Generally, a function call is called an activity, and each activity corresponds to an active record, which actually holds the above information. Usually, memory is managed on a stack basis, so the active record is also called stack frame. Note that stack frames are just a logical concept, intended to describe the current operating environment, not a real thing. Current frame often need to save a stack frame of the link (for directly in the actual computer running program, usually the base address register), call that needs to be saved in the process of register, etc., when the function performs the recovery stack frame so can also restore previous position, or in some cases need to refer to a stack frame of the variable, you can find along the invocation chain.

  • Note: A variable is a runtime representation of a specific memory address. To refer to a variable is to read the value to the actual address. To assign a variable is to write the value to the memory address.

As with memory areas, the implementation of stack frames can be modeled exactly in accordance with the concepts of the real machine if the virtual machine needs to implement its own runtime, or it can actually explicitly use new data structures to store and link them.

Run-time related things are hard to conceptualize, but you can see things better when you do them.

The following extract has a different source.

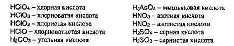 Номенклатура и классификация кислот. Поскольку существуют различные определения кислот, то их классификация и номенклатура довольно условны. По числу атомов водорода, способных к отщеплению в водном растворе, кислоты делят на одноосновные (например, HF, HNО2), двухосновные (Н2СО3, H2SO4) и трехосновные (Н3РО4). По составу кислоты делят на бескислородные (HCI, H2S) и кислородсодержащие (НСlО4, НClО3). Обычно названия кислородных кислот производятся от названия неметалла с прибавлением окончаний -ноя, -вал, если степень окисления неметалла равна номеру группы. По мере понижения степени окисления суффиксы меняются в следующем порядке: -оватая, -истая, -оватистая: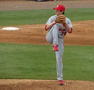 Gast began the 2013 season with the Memphis Redbirds, where he pitched thirty-two consecutive scoreless innings.[6] He was named Pacific Coast League pitcher of the week for the week ending April 21.[7][8] Gast was called up on May 12, 2013, after Jake Westbrook was put on the 15-day disabled list.[9] He made his major league debut on May 14, 2013 at Busch Stadium against the New York Mets. Gast threw five shutout innings but gave up four runs in the sixth inning. He gave up six hits total, walked one, and struck out three to earn his first victory as a Cardinal.[6] Gast won in his second start with the Cardinals as well, giving up two runs on four hits and two walks over 5 innings as St. Louis beat the Milwaukee Brewers 4-2.[10] He was placed on the disabled list on May 26, after suffering a shoulder strain.[11] On July 26, 2013 Gast underwent season-ending surgery on his left shoulder. According to the Cardinals John Mozeliak that the expected recovery and rehabilitation time is between eight and twelve months.[12] It is the second major surgery for Gast, his first being Tommy John surgery while he was a high school senior.

The following describes some common features of language design.

object-oriented

Programming based on object-oriented approach is closer to the logic of real life, so the support of object-oriented related features is now the mainstream language is a must. Commonly included concepts are classes, objects, inheritance, and polymorphism. Here’s a quick look at what compilers have to do to support these features. For classes first, similar to the structure of the C language, belong to the same can be user-defined types, but classes can include properties and methods (C can also be simulated structure with a function pointer), the design of such a concept is mainly into language’s type system, convenient to check the object can be accessed by the type of fields and methods.

Classes and objects

In object-oriented languages, a class is a template for an object, and an object is an instance of a class. So how does the object behave at run time? First, for class fields, each different object should be a separate copy; Class methods, on the other hand, call the same method for each instance object, so only one copy is saved. So for an object, the basic information should at least have the class that it belongs to, and the container that holds the fields. You can define it this way

class Object {
    Type type
    Slot[] slots
}
Copy the code

For a language that implements its own runtime, there is usually a metadata area in the memory area, where the information related to classes, fields, and methods can be stored, and the corresponding meta-information can be searched during the program runtime to determine the correct operation. Data types, whether integer, floating point, or Boolean, are actually stored as binary numbers. The key is how the runtime handles the data for different types. The value is an integer directly fetched from memory, while the floating point number needs to be converted into a floating point number according to the set rules. When assigning, the opposite is true. Of course, for the problem of data type, we can also change the instruction into operation of certain data type, which will increase a lot of redundant instructions, but there is no need to query meta information during the running period, and the execution efficiency can be improved to some extent.

For the fields of a class, the relative order of the fields will not change after the class is defined, so the fields can be numbered directly at compilation time, and the translated object code can directly access the corresponding memory unit according to the label. The memory unit can be fixed as 4 bytes, and more memory units are used to store larger numbers. The runtime itself is indeed more flexible. For C++, which compiles directly into hardware platform assembly instructions, and constructs are handled in a similar way, byte alignment is considered for different data types (again, the size of memory cells can be fixed directly), and field access is translated based on the offset of the object’s base address.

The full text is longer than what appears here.